A Stop-off for Hazardous Waste

The new address is in a Berlin industrial park on eight acres of high ground, well above the floodplain. The waste management district plans to renovate and retrofit an existing garage and office building on the property. A building designed to safely store flammable materials will also be added to the site, Lay-Sleeper said.

The depot will not process or dispose of the hazardous waste it collects. Instead, waste will be periodically trucked to other facilities that handle safe disposal. 

“We’re not going to be doing anything but taking it, containerizing it, and getting it out of there,” said Lachlan Pinney, operations manager at the district’s Additional Recyclables Collection Center (ARCC) in Barre, of the planned hazardous-waste facility. 

The ARCC, which was severely affected by last summer’s flooding, will move to 300/302 Granger Road, as will the district’s administrative offices, which are now on Barre Street in Montpelier. 

“We are hoping to be moved in and operational by spring” of next year, Lay-Sleeper said. 

What the facility will charge people who drop off hazardous materials for disposal has not yet been determined, but the district anticipates a “small fee,” he said.

Incentives to Permanence

The expansion of household hazardous waste processing is being funded by approximately $600,000 in grant money awarded to the waste management district in 2020 and 2021 from the Vermont Agency of Natural Resources (ANR). A 2017 report had found that a permanent household hazardous waste facility was considered critical missing infrastructure.

The CVSWMD has long held several annual collection events for household hazardous materials, such as the one held in early April at the Barre Town Garage. At other times, people who need to dispose of these materials must travel to a year-round collection facility elsewhere in the state or use a private contractor. 

The ANR was concerned about the rising costs of holding collection events, according to Kelly, so in 2019 it issued a request for proposals.

“We knew that part of the solution would be facilities that could manage this waste [and] offer more services than just one day a year,” he said. 

Next Steps

The waste management district is working to obtain required permits and to conduct site and environmental assessments, Lay-Sleeper said. They are working with Weston & Sampson Engineers, Inc. on the plan. The site’s current owner is the company Lague Inc., and a purchase agreement is in place, according to Lay-Sleeper.

Permitting with the town of Berlin has gone smoothly, according to Thomas J. Badowski, the town’s zoning administrator.

However, Berlin’s Development Review Board (DRB) has not yet issued a permit, according to Badowski. It has asked the waste management district to provide additional information about stormwater, access, and security lighting at the site, he said.

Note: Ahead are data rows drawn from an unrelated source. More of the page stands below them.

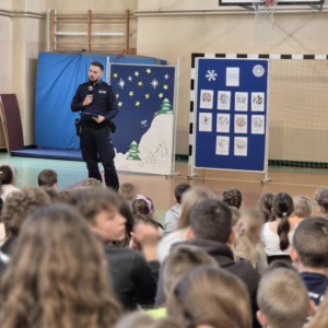Jak zadbać o bezpieczeństwo swoje i swoich bliskich? Na to pytanie odpowiedział uczniom naszej szkoły dzielnicowy, sierżant sztabowy Dawid Perchała, który przypomniał o zasadach bezpiecznego spędzania ferii. Dzięki jego wskazówkom uczniowie dowiedzieli się, jak unikać niebezpiecznych sytuacji, gdzie można bezpiecznie uprawiać sporty zimowe oraz jak reagować w przypadku zagrożenia.
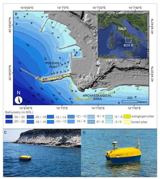 An integrated marine survey of the underwater Roman harbor of Puteoli along the Pozzuoli coast was carried out by the ARGO-USV (Figure 6), leading to the extensive mapping and characterization of the seabed and the 3D model reconstruction of some archaeological structures. This archaeological site was chosen as it is the best-preserved and most magnificent port work in the Gulf of Naples (Southern Italy), built during the Roman period (Sommella, 1980; Camodeca 1994).
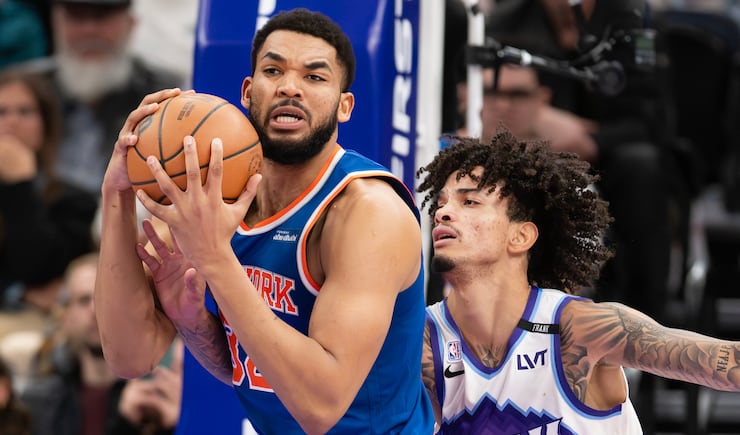Utah Jazz forward Andersson Garcia (0) tries to knock the ball away from New York Knicks center Karl-Anthony Towns (32) as the Jazz and Knicks play at the Delta Center in Salt Lake City, on Wednesday, March 11, 2026. | Scott G Winterton, Deseret News

Minutes from an April 2 meeting of the Berlin DRB indicate the district must also communicate with the owner of the abutting property to obtain an access easement, as part of the driveway falls on that property. The plan is to use municipal water and sewer services and to add a second fire hydrant.

“They’ve been very proactive on seeking advice from the town, and, to their credit, they have taken that advice,” said Badowski of CVSWMD. “In my opinion, [they] have put forth a fairly reasonable application for consideration by the Development Review Board.”

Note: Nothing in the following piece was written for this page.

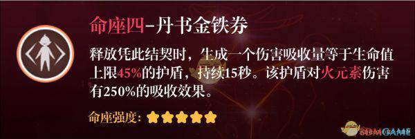 质变命座。相当于多了半条命,在特定火元素环境下多了一条命。一定程度上解放了队伍里的护盾位置,尽管无法带来直接的伤害提升,但是对于输出环境的优化是立竿见影的。(我可莉要是有这个还用带钟离当保姆?)

The board will take up the matter again on May 7.

In the meantime, CVSWMD employees are being trained to safely handle and store hazardous household wastes. 

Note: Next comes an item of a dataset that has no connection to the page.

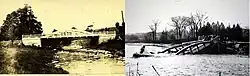 The Whitevale Bridge has suffered from at least three separate occasions of flooding. In 1929 a heavy flood completely washed out the newly built bridge. In October 1954, the mill dam and the approach to the Whitevale Bridge (not the entire bridge) went out due to Hurricane Hazel when Duffins Creek overflowed.[12] Finally, in July 2008 the concrete bridge suffered minor damage when heavy rains washed out a small section. The previous bridge was demolished in 2014 and replaced by the current structure.

“Anybody can buy them, but it does take some specialized training to know how to deal with them appropriately,” Lay-Sleeper said. “Oftentimes, people will get something, use a little bit of it, and then the rest will sit in their garage [until] the container breaks and it’s still in their garage, and then they’ve contaminated their garage. And maybe … they just wash it out in the yard and then contaminate the storm drains in the yard.” 

The goal, he added, is to “make sure that we’re getting out ahead of that and getting any materials to the professionals to deal with.”